Irish Scientists Find Cheaper Way of Producing High Quality Graphene
Groundbreaking research by scientists from Trinity College Dublin in Ireland has led to development of simple recipe that allows mass production of wonder material graphene. Generally, graphene is difficult to produce and the current best techniques in labs results in formation of less than half a gram per hour.
But, now researchers have found a way to mass-produce pure graphene in the kitchen by making use of soap and a blender. They put graphite powder and a solvent fluid in a laboratory mixer for spinning. It was later analyzed with an electron microscope.
Their experiment resulted in formation of graphene at a rate of about 5 grams per hour. Later on, they used different types of motors and solvents to confirm accuracy and scalability of the process. Jonathan Coleman, from Trinity College Dublin, Ireland, said despite the simple process can be performed at home; people are highly advised not to follow it.

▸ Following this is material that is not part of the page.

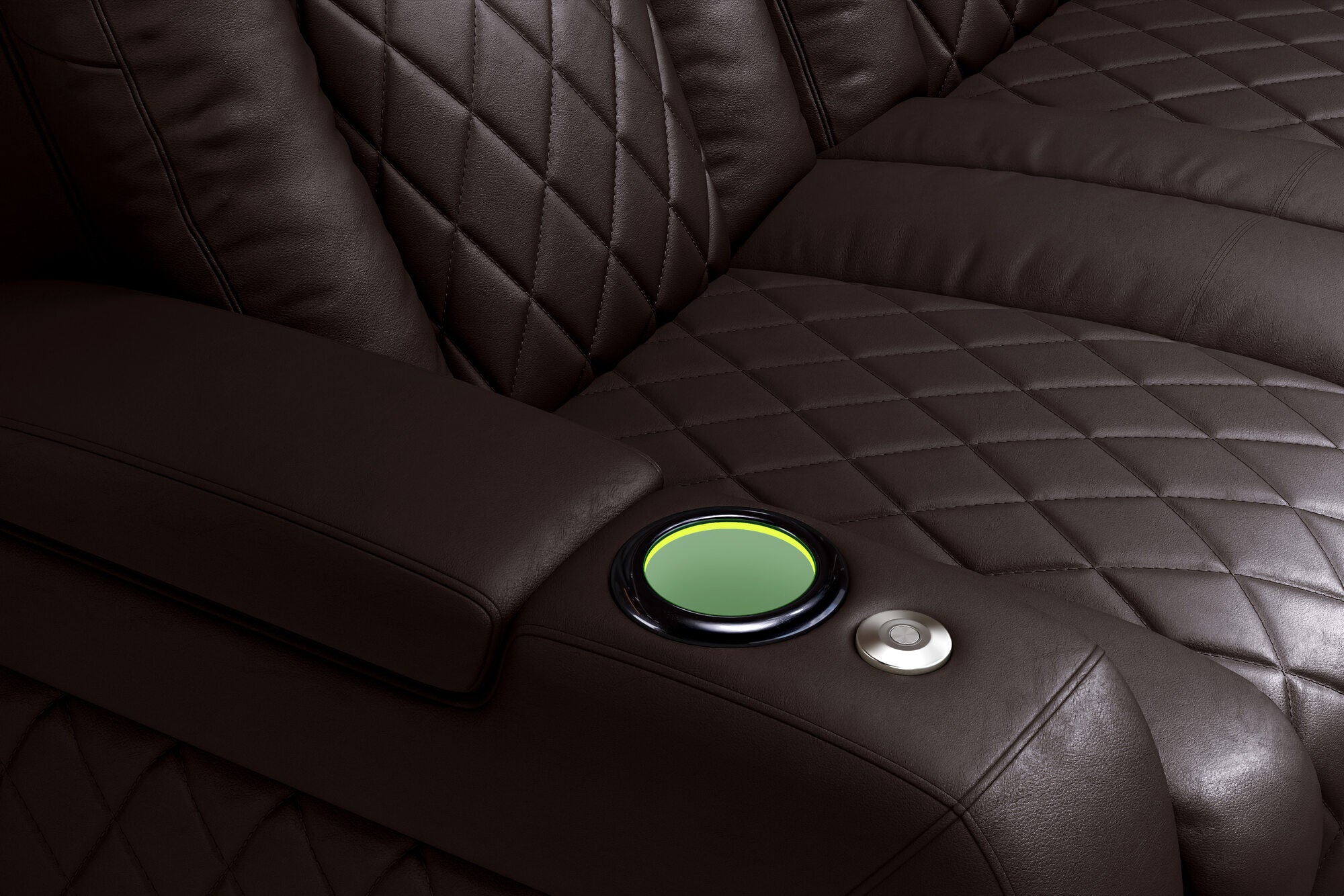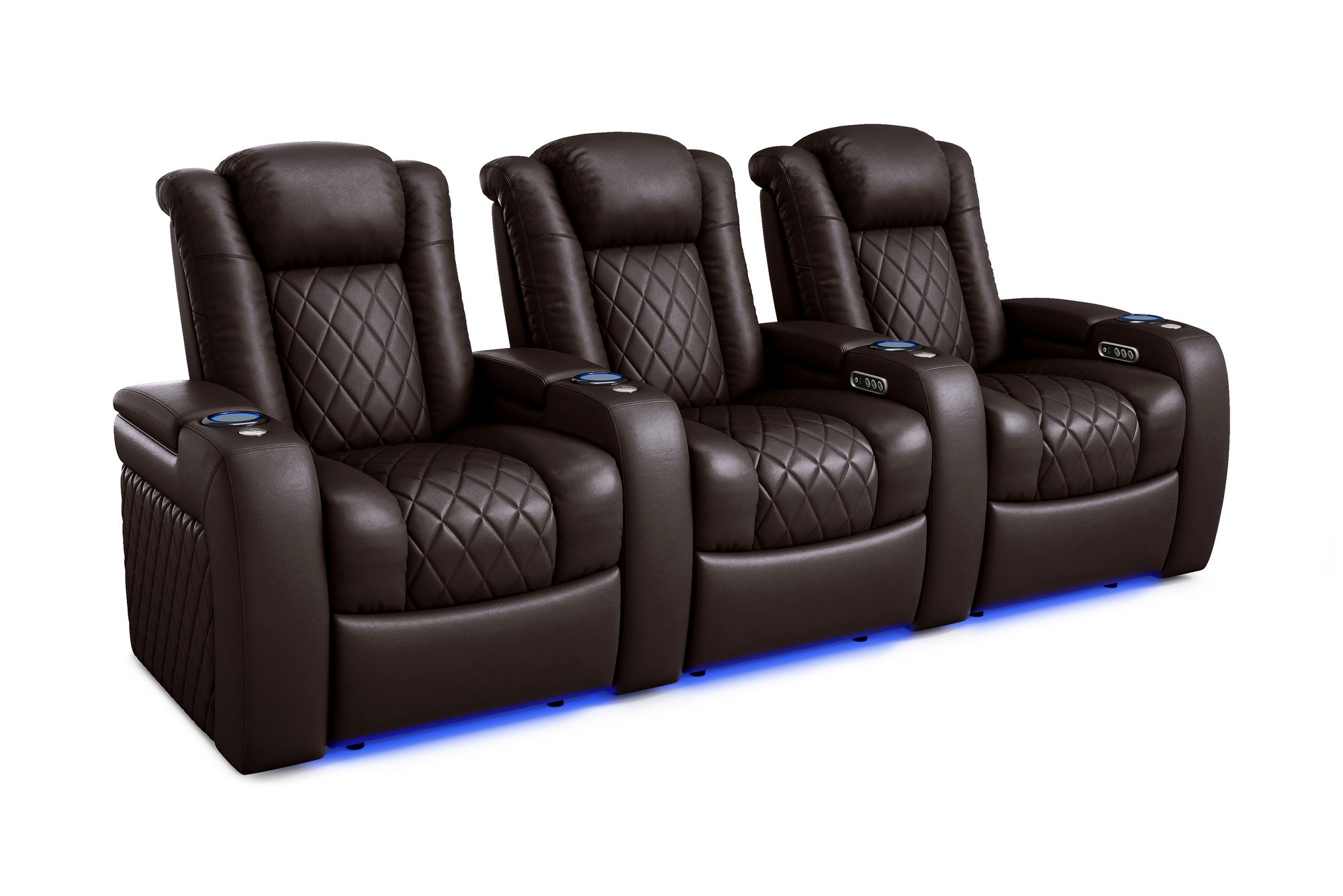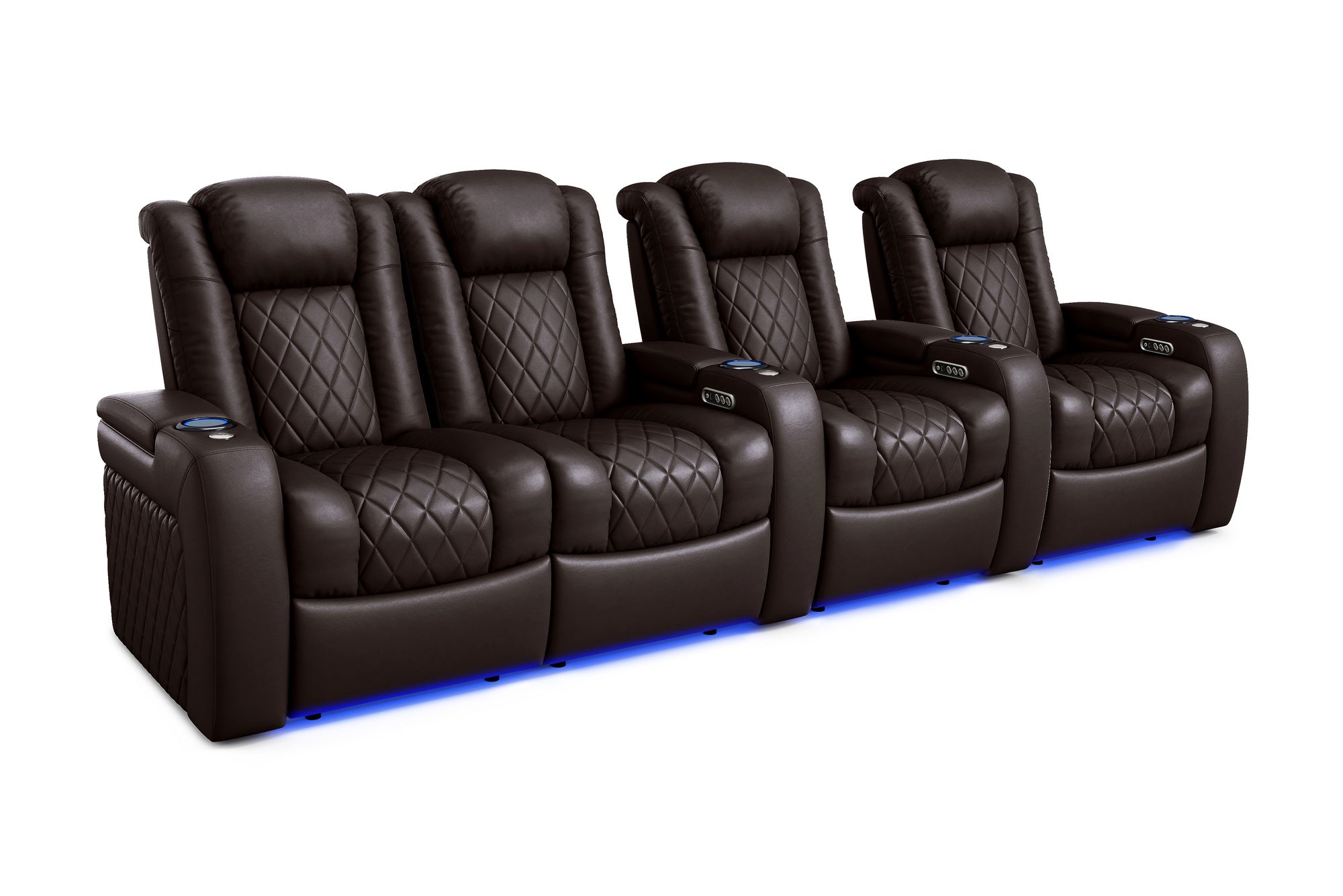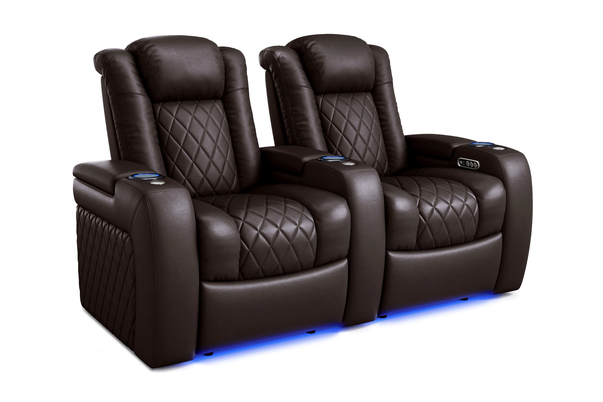 Introducing the 2025 Version of Our Best-Selling Tuscany Home Theater Seating! Upgrade your home theater with the brand new Tuscany 2025 with upgraded technology and cutting-edge comfort, A perfect blend of luxury, style, and comfort. Designed for unmatched relaxation, this premium recliner is crafted with new imported Top-Grain Italian Nappa leather 11000 on all seating surfaces, offering a smooth and elegant touch. Enjoy immersive movie nights with new RGB cup holders with ambient base lighting, and a motorized reclining system that lets you find your perfect seating position effortlessly. The newly upgraded Tuscany now features deeper hidden arm storage, perfect for keeping your accessories close at hand. Plus, an air piston-assisted storage lid ensures smooth and safe operation. Our tactile button control system replaces traditional soft-touch buttons, allowing you to activate all functions simultaneously for an enhanced experience.

Coleman said the properties of graphite powder equally alters amount of dishwashing liquid required develop graphene. Researchers advise that the novel technique will work more appropriately at industrial levels where it can produce 100 grams per hour from 10,000 liter vat with the right motor.
Main drawback of using the experiment is that it does not convert all the graphite to graphene and one must have to separate two materials afterwards. But, Coleman said that despite of its drawback, the novel experiment is quite encouraging.